■ PROBLEM DESCRIPTION
Only one stretch of the data should be retyped: the lines from the line containing "Red Thunderbird Print" through the line containing "The audacious eco-luxury". Keep pictures out of it.

(Stored data entries)

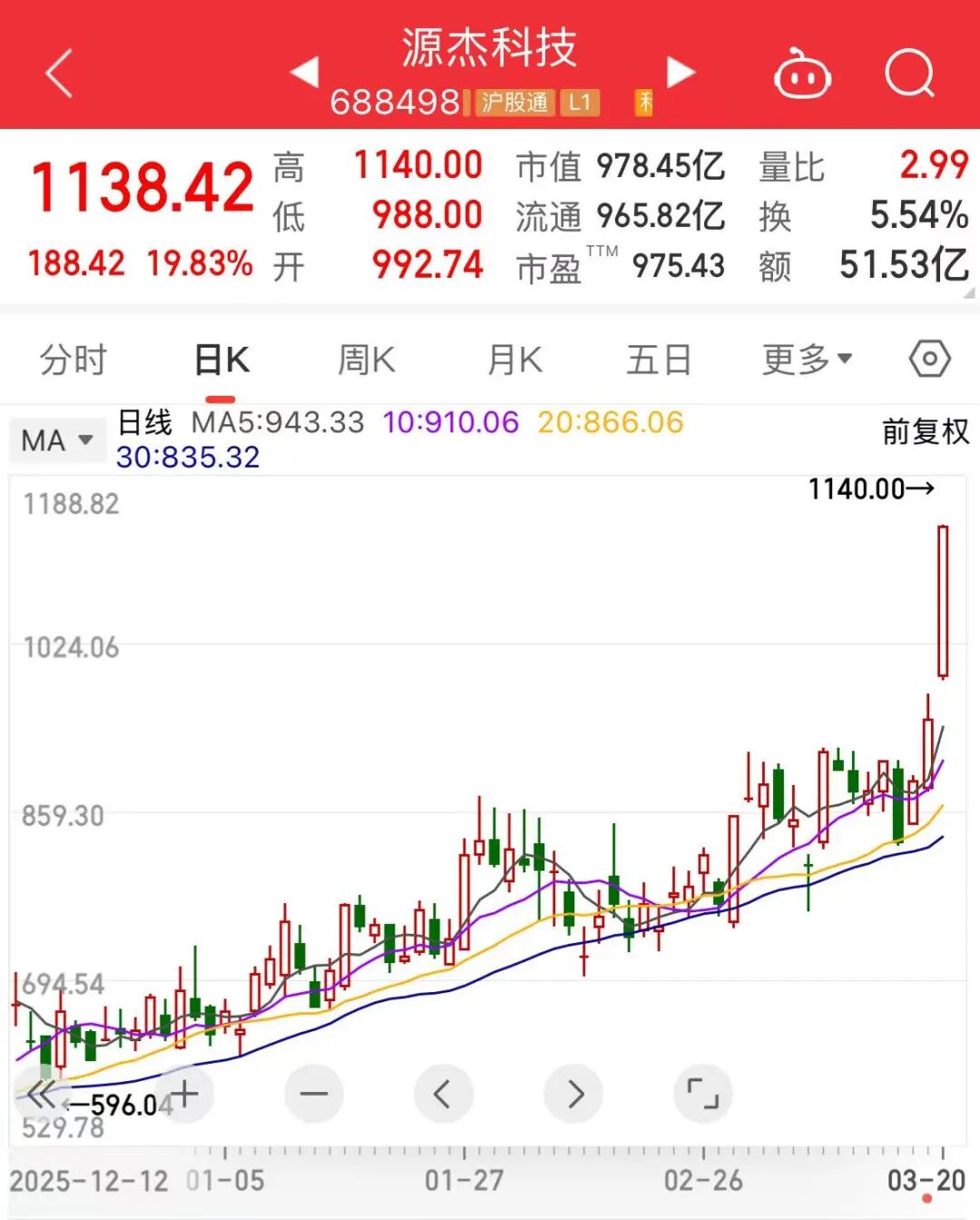 今天上午,源杰科技盘中一度“20CM”涨停,截至上午收盘涨19.83%,股价为1138.42元,跻身千元股行列,并超越寒武纪,成为A股第二高价股。该股从2025年4月9日上涨以来至今,累计涨幅超1100%。
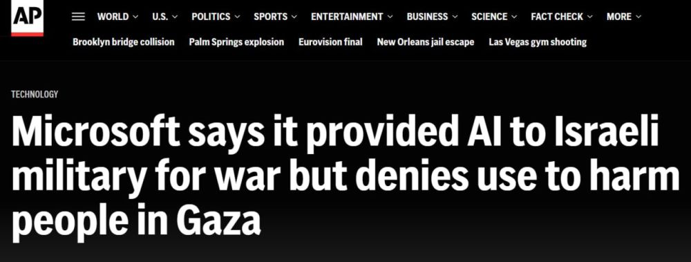 Microsoft заявила, что предоставляла искусственный интеллект израильским военным для ведения войны, но отрицает его использование для нанесения вреда жителям Газы, - Associated Press.
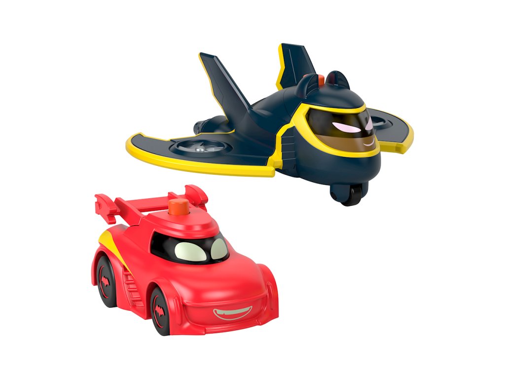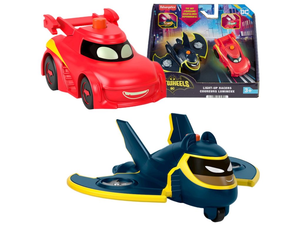 Sada vozidel Fisher-Price DC Batwheels Batwing a Redbird HML26Boj proti zločinu zahřeje s autíčky Fisher-Price Batwheels Light-Up Racers. Děti v předškolním věku mohou stisknout tlačítko na střeše každého vozidla a vidět, jak jejich oblíbená postava ožije rozsvícenými výrazy! Každá sada vozidel obsahuje 2 postavičky v měřítku 1:55 z představení s autentickým stylem Batwheels a skutečnými funkčními koly. Hledejte další auta Batwheels Light-Up Racers pro ještě nasvícenější dobrodružství v boji proti zločinu!
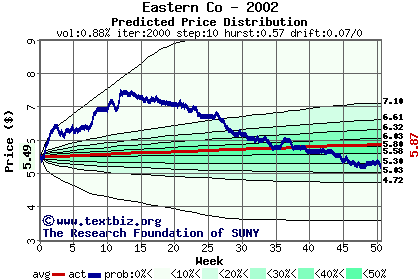 The high to date and low to date prices of the stock plotted against a random walk model for 2002 (what's this?).
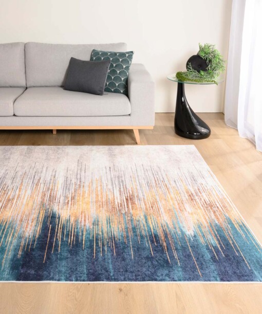 Teppich Modern Waschbar – Moderna Gold/Petrol SALE-60%
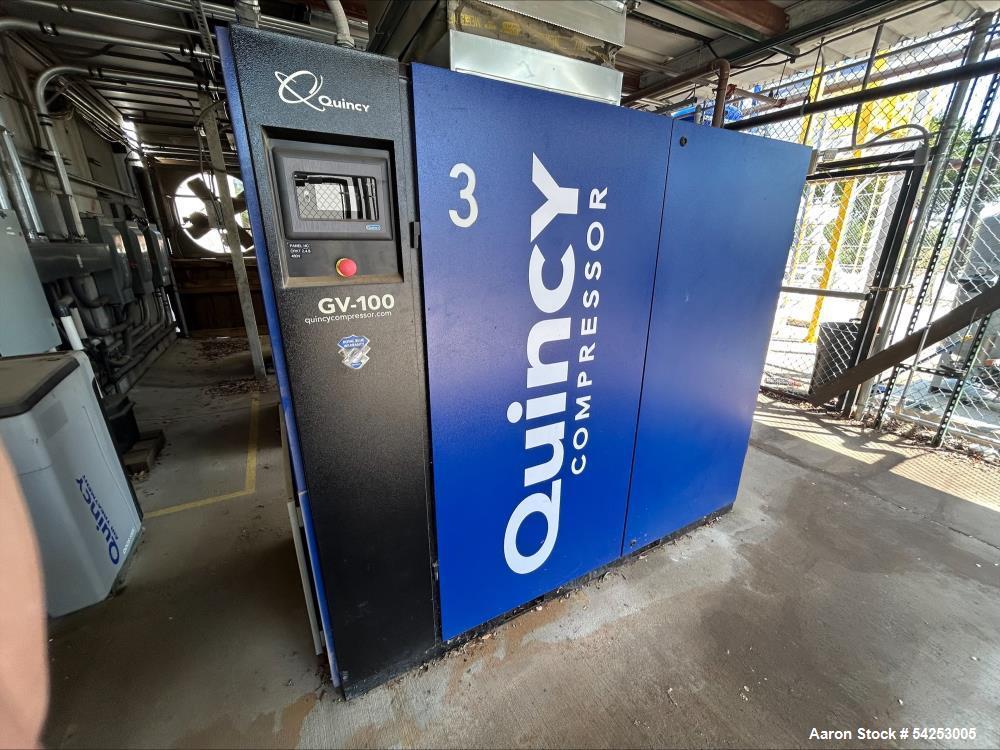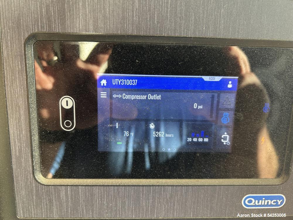 used quincy qgv-100 energy-efficient rotary screw air compressor | 471 cfm | vsd drive, 460v/3-phase. 471 cfm max capacity, 104-110 degrees f maximum ambient temps. water cooling. touchscreen controller (id uty310037) displaying 5,262 hours, 76f internal temp, and 0 psi outlet pressure at time of inspection. control panel shows total panel rating 471a with largest motor fla 163a, nema 4 enclosure. equipped with badger pxe control package, enclosed sound-attenuated cabinet, and emergency stop with lockout provision.
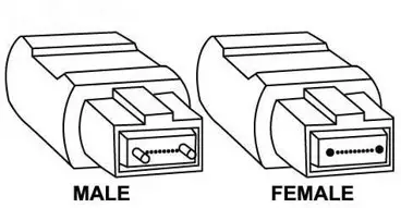 Los conectores MPO son de dos tipos: Macho y Hembra. El conector macho tiene dos clavijas guía que sobresalen de la férula, y el conector hembra tiene orificios para estas clavijas. Esta característica permite conectar diferentes tipos de conectores entre sí.
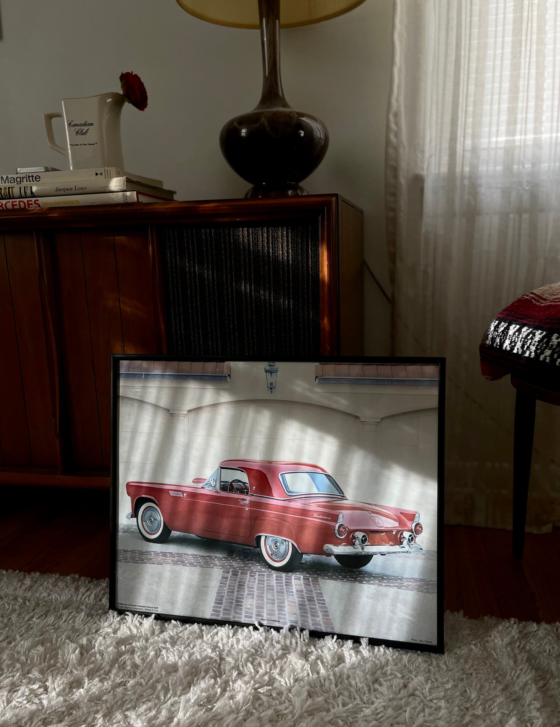 Red Thunderbird Print — Framed Vintage Auto Photograph
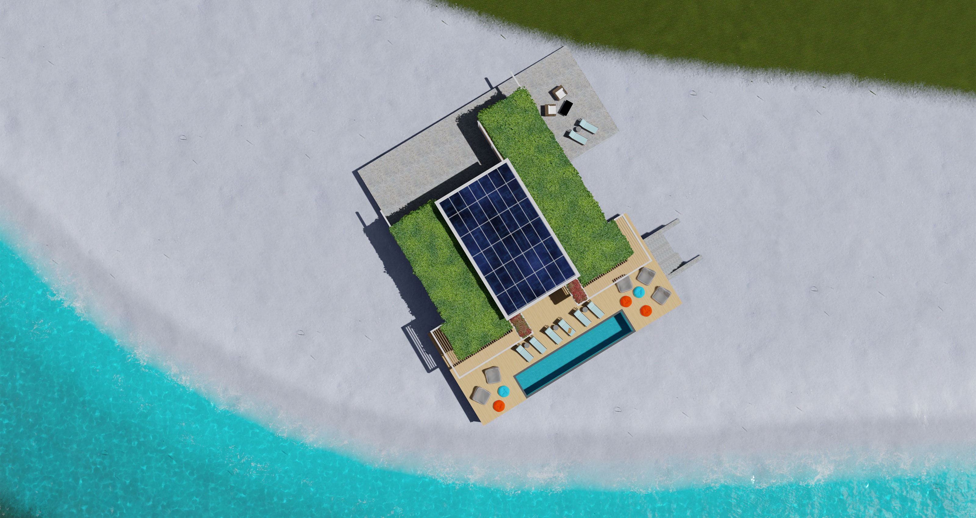 The audacious eco-luxury plan outlines a completely sustainable, fossil fuel-free and fully reversible, pre-engineered island-and-beach property development, fitted with an entire resort-like infrastructure that includes a reception, pool, clubhouse, gym and spa, in addition to timbered beachfront suites. Silent-Resorts supplies everything for the autonomous “land and sea” property that runs off solar grids.
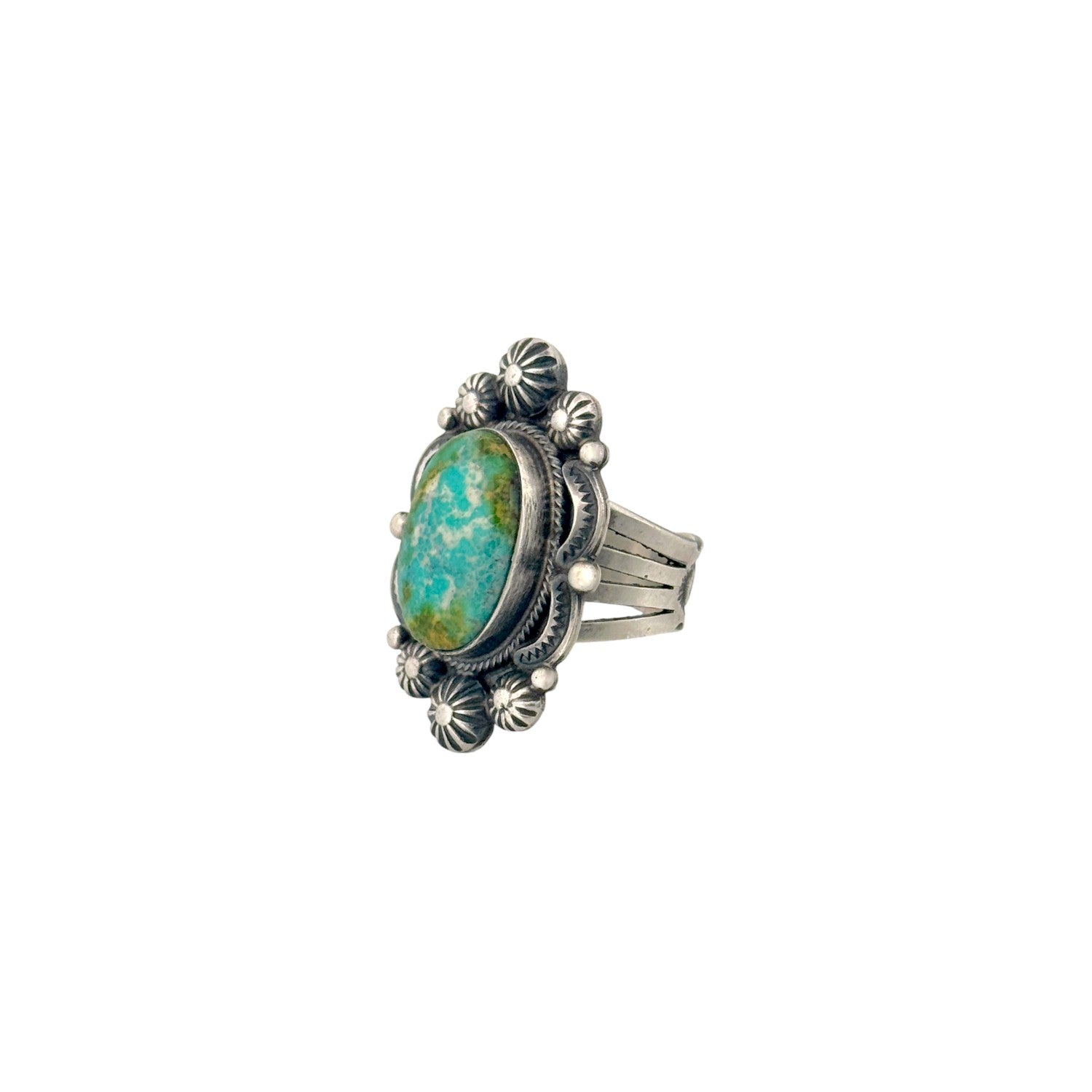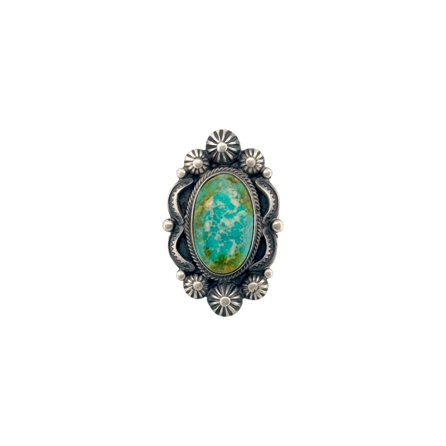 This handmade Navajo ring by Benny Ramone features a stunning Sonoran turquoise stone set in sterling silver. The oval stone displays beautiful shades of blue and green with natural earthy matrix, making each angle unique and full of character. A twisted rope bezel surrounds the turquoise, while stamped silver conchos and bead accents add depth and traditional Southwestern detail. The oxidized background enhances the contrast, allowing the vibrant stone and bright silverwork to stand out. Bold yet elegant, this ring is a striking example of classic Navajo silversmith artistry and timeless design.

■ TASK SOLUTION
 Red Thunderbird Print — Framed Vintage Auto Photograph
 The audacious eco-luxury plan outlines a completely sustainable, fossil fuel-free and fully reversible, pre-engineered island-and-beach property development, fitted with an entire resort-like infrastructure that includes a reception, pool, clubhouse, gym and spa, in addition to timbered beachfront suites. Silent-Resorts supplies everything for the autonomous “land and sea” property that runs off solar grids.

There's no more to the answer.